I performed security hardening on an ESXi 5 host (test area), and I cannot figure out what portion of it is completing stopping the ESXi shell service to keep stopping. Lockdown mode is not enabled, the SSH service is running when I look at the GUI and when I F2 and login via the DCUI it shows that the "ESXi Shell is Enabled. Under that same area it shows "SSH is Enabled", and under the firewall, SSH server is checked and running.
I'm hoping someone knows exactly what it is, of course I changed some of the files sshd_config and such, but I don't if that is affecting this. This isn't causing an issue since it's just a test host, but I after going through all those pages, I just can't figure out what is stopping this.
I need to make a correction. When I log into the DCUI under "Troubleshooting Mode Options" even if I Enable ESXi Shell here, in a second or two, it gets set back to disabled.
Did you modify the ESXiShellInteractiveTimeOut or ESXiShellTimeOut options? These settings can reset a manually enabled shell. Check the values with these commands:
# esxcfg-advcfg -g /UserVars/ESXiShellInteractiveTimeOut
# esxcfg-advcfg -g /UserVars/ESXiShellTimeOut
Also see:
http://blogs.vmware.com/vsphere/2012/09/vsphere-5-1-new-esxishellinteractivetimeout.html
Did you modify the ESXiShellInteractiveTimeOut or ESXiShellTimeOut options? These settings can reset a manually enabled shell. Check the values with these commands:
# esxcfg-advcfg -g /UserVars/ESXiShellInteractiveTimeOut
# esxcfg-advcfg -g /UserVars/ESXiShellTimeOut
Also see:
http://blogs.vmware.com/vsphere/2012/09/vsphere-5-1-new-esxishellinteractivetimeout.html
Thanks, I did set the ESXiShellTimeout to 15 minutes, but it's not the problem.
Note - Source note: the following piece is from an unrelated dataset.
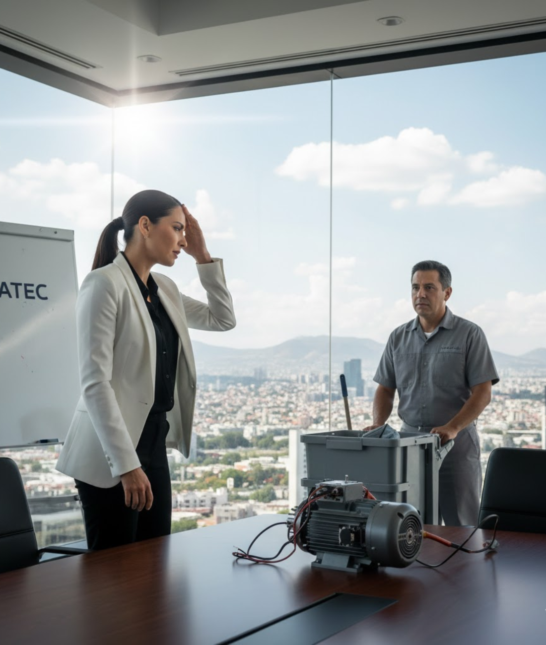 Estás de pie en la sala de conferencias de cristal del último piso de Megatec....

I actually have two hosts that have been STIG'd, but for some reason I can connect to one, but not the other. I'll really look through the guide again, I had to have set something up incorrectly.
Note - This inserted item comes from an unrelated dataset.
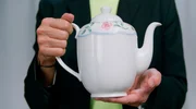 Petra Landers mit der Teekanne aus dem Tafelservice – der Prämie für den EM-Sieg 1989.Bild: © rbb/DOCDAYS
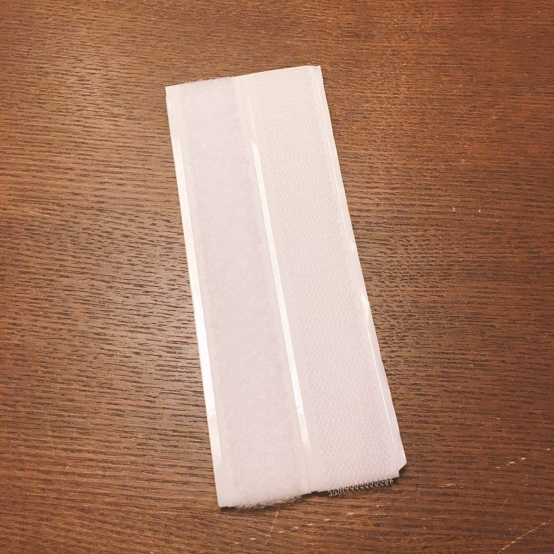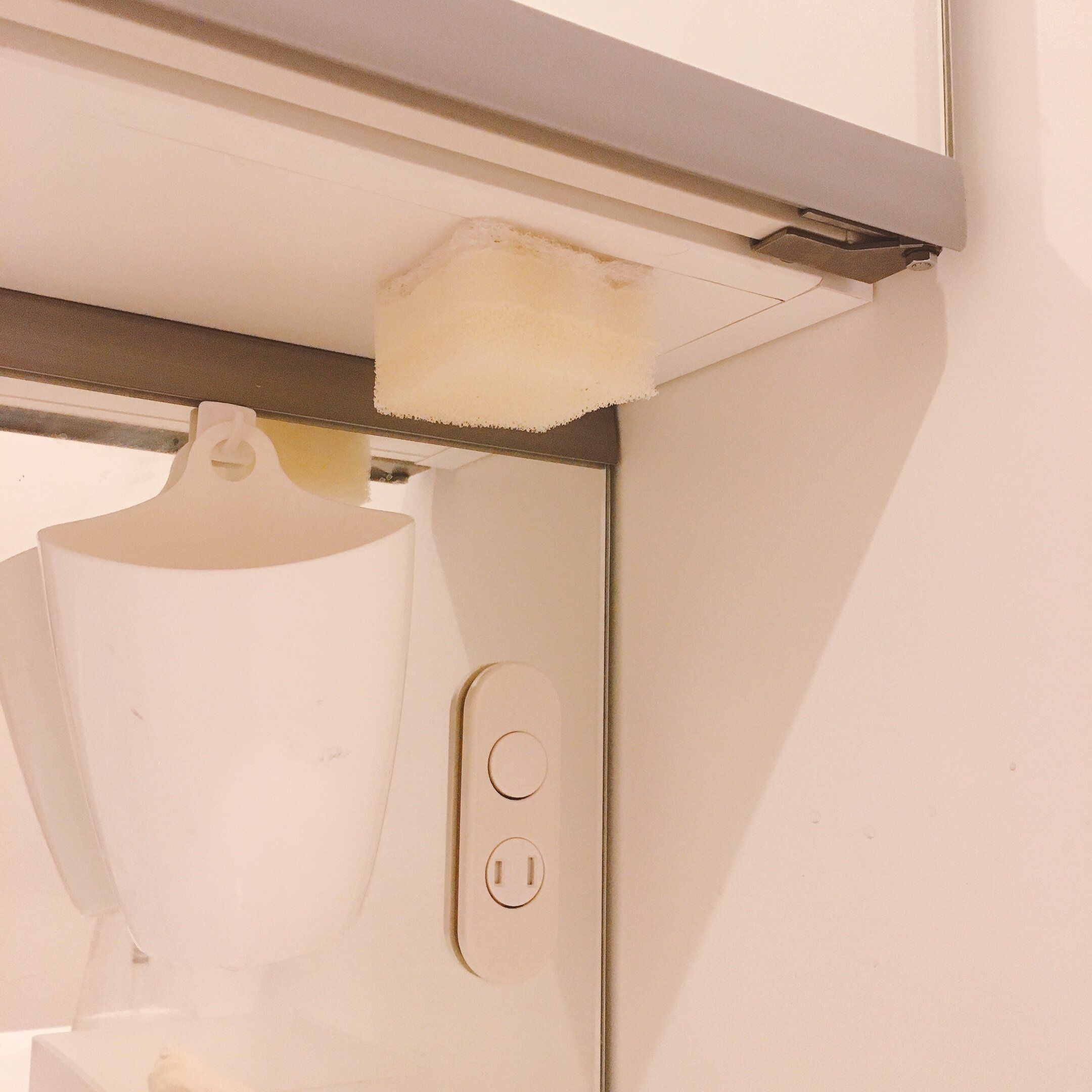 スポンジラックを置くと水でぬめってしまうのが嫌なのでスポンジラックは使っていません。ということでわたしは鏡の下の部分に貼り付けて収納しています。使うモノは裏がシールになっているマジックテープのみ。100均で売っています。そのザラザラした面を3×5cmぐらいに切ってスポンジを収納したいところに貼るだけ。

OH my...thank you. Without a doubt, the timeout was set to 15 minutes, I just looked at it and responded, but I decided to just disable the value, so I set it back to 0. Well, that did it. I can't believe it. I definitely had it at 15 minutes, not 1 or anything. Because the timeout was at 15 minutes, I probably would not have thought it about until you brought it up. I did patch one of the hosts and not the other, so maybe there is something in the patch notes. Thank you so much.
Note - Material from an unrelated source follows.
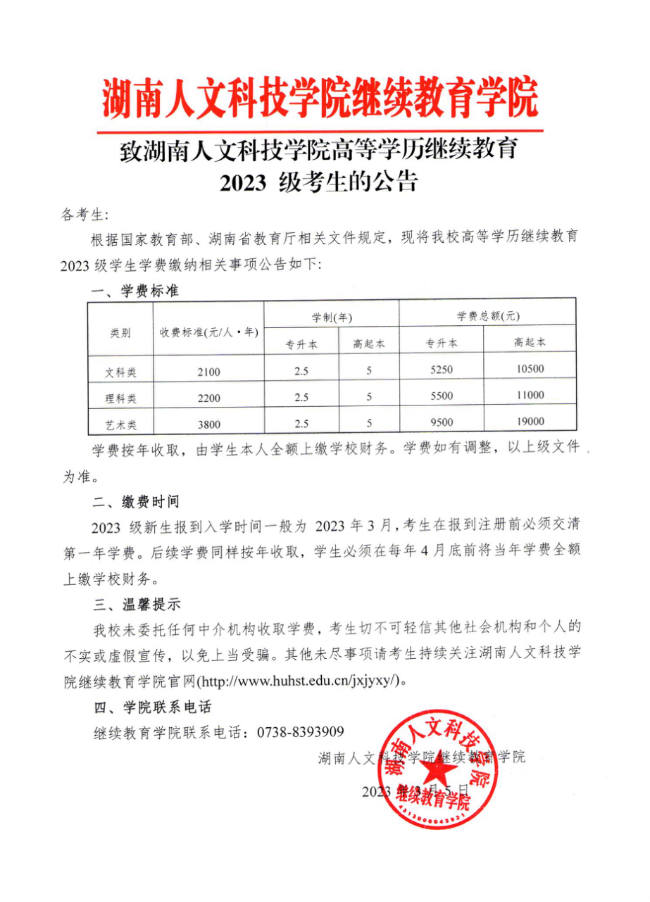 根据国家教育部、湖南省教育厅相关文件规定,现将beat365高等学历继续教育2023级学生学费缴纳相关事项公告如下:

I think I vaguely remember some inconsistency about how these values are interpreted, in minutes or seconds.
This article talks about seconds too:
http://www.punchingclouds.com/2012/10/24/managing-multiple-terminal-session-timeouts-for-esxi/
Can you test that?
Wow, talk about feeling like an idiot. The timeout value is in seconds, I'll be taking that remedial VMware class now.